▸ **Entries shown**:
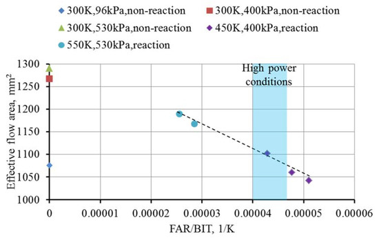 The results are shown in Figure 12, the horizontal ordinate is the ratio of Fuel Air Ratio (FAR) to Burner Inlet Temperature (BIT), which indicates the ratio of temperature rise to BIT ((Tt4 − Tt3)/Tt3). The FAR/BIT affects the combustor pressure loss due to combustion, and then affects the effective flow area. The vertical ordinate is effective flow area.
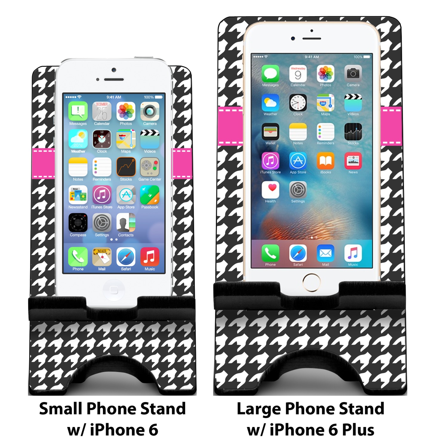 To meet your needs, we offer four variations of this IPhone stand. The backboard of the first version is shaped as a plain, yet sleek rectangle, and is available in two sizes. Our smaller size is approximately 4 by 3.25 by 7 inches, while the larger model is 4 by 3.77 by 8.5 inches. Alongside this model, we also provide you with a more decorative option. The upper part of our second version features a curved edge, for a classy, suave appearance. This phone holder is also sold in two sizes: a smaller version, which is 4 by 3.25 by 7 inches, and our larger model, which is 4 by 3.77 by 8.5 inches. Both models will support large phones, but the larger model is better if you wish to proudly display your personalized design.
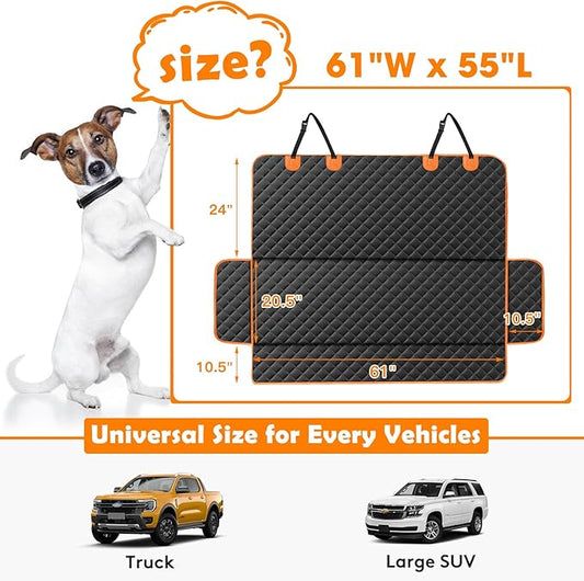 Dog Car Seat Cover for Back Seat, Waterproof Protector with Side Flaps, Scratchproof Hammock, Non-Slip Bottom for Cars/Trucks/SUVs (Black)
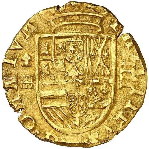 | نوشتههای پشت سکه | HISPAN · REGNORVM · REX · 1597 (Translation: King of all Spanish kingdoms) |
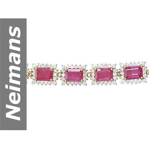 </tr></table><table border=0 width=100% cellspacing=0 cellpadding=10><tr><td valign=top style='background-repeat: no-repeat; font-family: Verdana; font-size: 8pt'><b><!-- ///START/// INSERT JEWELRY SPECIFIC DATA --><font size=5>Graduate Gemologist Certified 25.7 Carat Ruby & Diamond Bracelet elegantly set in solid 14kt gold!!</font><font size=5>
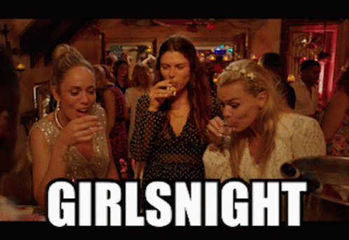Nienke Plas and friends enjoy a lively girls' night out, taking shots and having fun at a bar.
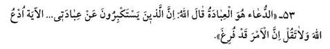 “Dua is better.  Have you not heard God saying:  Call upon Me; I will answer you.  I will make enter into the Hell with disgrace those who refrain from worshipping Me.
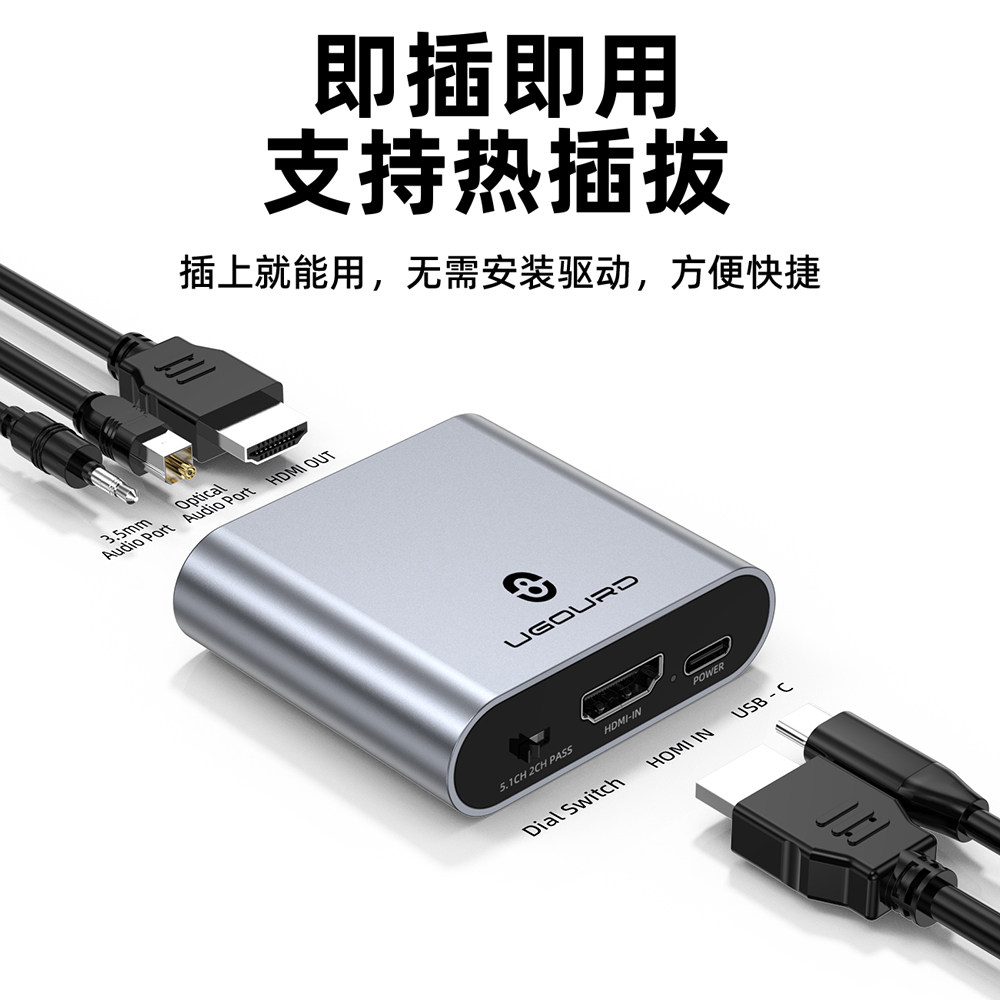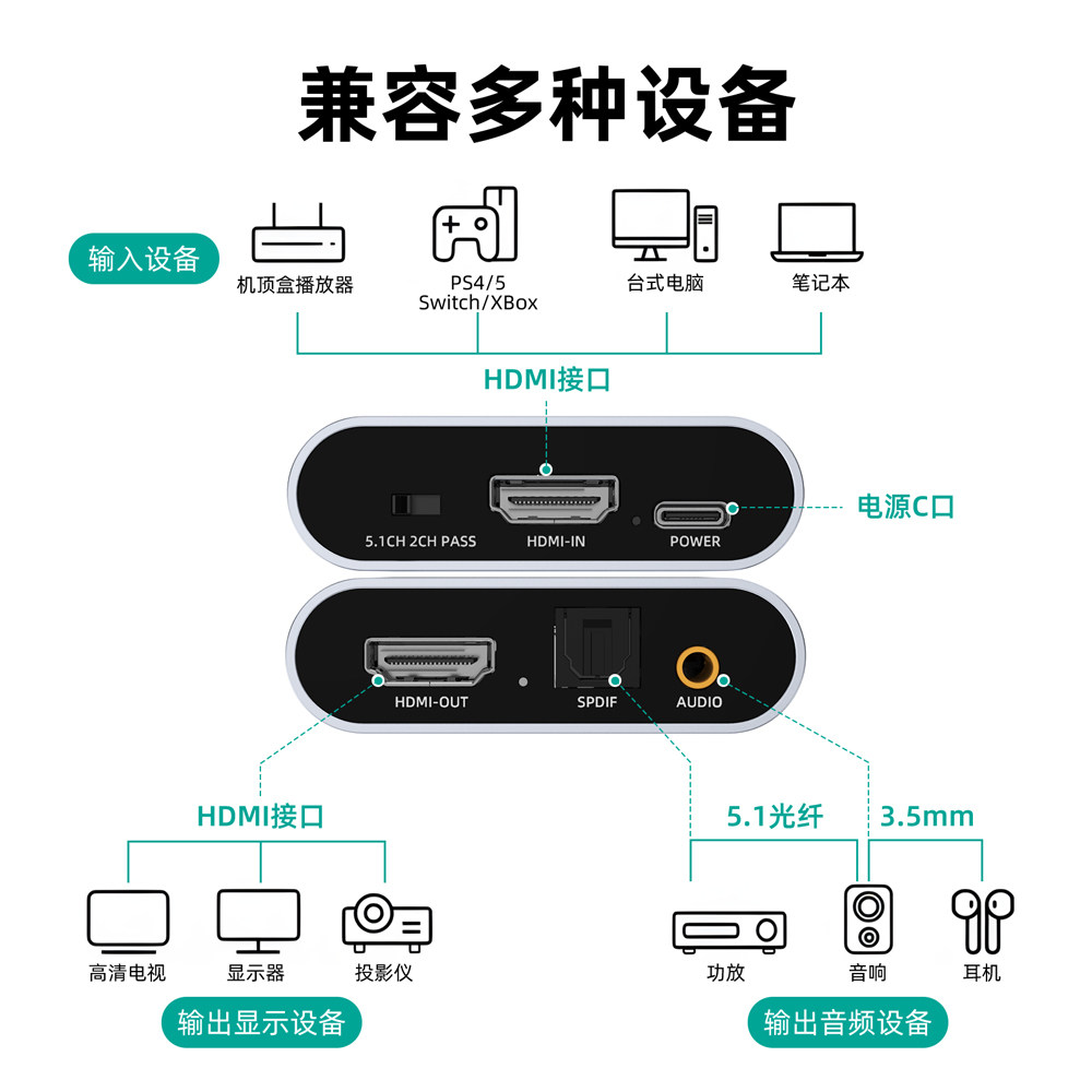 hdmi音频分离器高清转3.5AUX耳机光纤5.1声道PS4/XBOX机顶盒4K
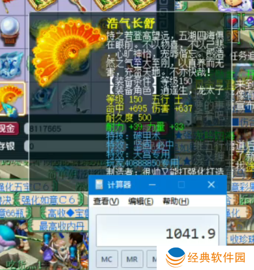 有小号鉴定出150初总伤868且力耐双加72的破甲坚固必中扇子,打上满锻玛瑙的综合总伤1041。这有属性还有PK小特技,单挑玩家用极其完美!
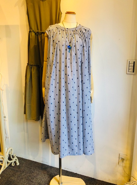 ドット❎ストライプのワンピース 💕 ストライプにドットを重ねたお洒落なテキスタイル💕 軽ーいコットン素材のワンピースで、高級感が漂います⭐️⭐️⭐️ 着丈が長すぎないので、小柄な方にもススメのワンピースです🙌 一点のみとなっております ワンピース SALE ¥9933 2021年7月11日

▸ **Your assignment**:
What is needed here is an exact copy of the lines from the line containing "from worshipping Me." through the end of the records, with every picture left out.

▸ **Task output**:
 “Dua is better.  Have you not heard God saying:  Call upon Me; I will answer you.  I will make enter into the Hell with disgrace those who refrain from worshipping Me.
 hdmi音频分离器高清转3.5AUX耳机光纤5.1声道PS4/XBOX机顶盒4K
 有小号鉴定出150初总伤868且力耐双加72的破甲坚固必中扇子,打上满锻玛瑙的综合总伤1041。这有属性还有PK小特技,单挑玩家用极其完美!
 ドット❎ストライプのワンピース 💕 ストライプにドットを重ねたお洒落なテキスタイル💕 軽ーいコットン素材のワンピースで、高級感が漂います⭐️⭐️⭐️ 着丈が長すぎないので、小柄な方にもススメのワンピースです🙌 一点のみとなっております ワンピース SALE ¥9933 2021年7月11日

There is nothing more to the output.